Iconoclast, Author of The New World's First Banned Book
In 1649, William Pynchon found time to write a critique of his place and times' dominant religious doctrine, Puritanical Calvinism, entitled The Meritous Price of Our Redemption. Published in London in 1650, it quickly reached Boston and caused a sensation. Pynchon was one of Massachusetts' wealthiest and most important men, and in his book — which refuted Puritan theology by claiming that obedience, rather than punishment and suffering, was the price of atonement — was immediately burned on the Boston Common, (only 4 copies survived,) and soon after became the New World's first-ever banned book. Officials of the Massachusetts Bay Colony formally accused Pynchon of heresy and demanded that he retract its argument. Coincidentally, Pynchon's court date took place on the same day and at the same place that the New World's first witch trial — that of Hugh and Mary Parsons of Springfield — took place. Instead of retracting his arguments, Pynchon stealthily transferred his land holdings to his son John — who later became an equally large influence in Springfield — while William Pynchon returned to England in 1652, where he remained for the rest of his life.

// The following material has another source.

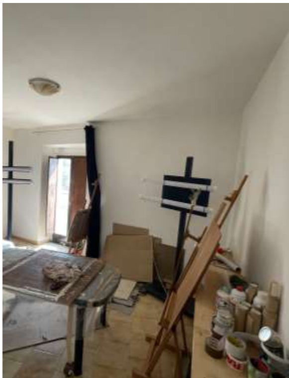
FOTO 10 - interni

After Pynchon's return to England, his son John extended his father's settlements in the Connecticut River Valley northward, founding Northampton, Westfield, Hadley, and other towns. His daughter, Mary Pynchon, married Elizur Holyoke, after whom the city of Holyoke, Massachusetts and the nearby Holyoke Range are named.
William Pynchon is an ancestor of the novelist Thomas Pynchon and the actress Fay Wray.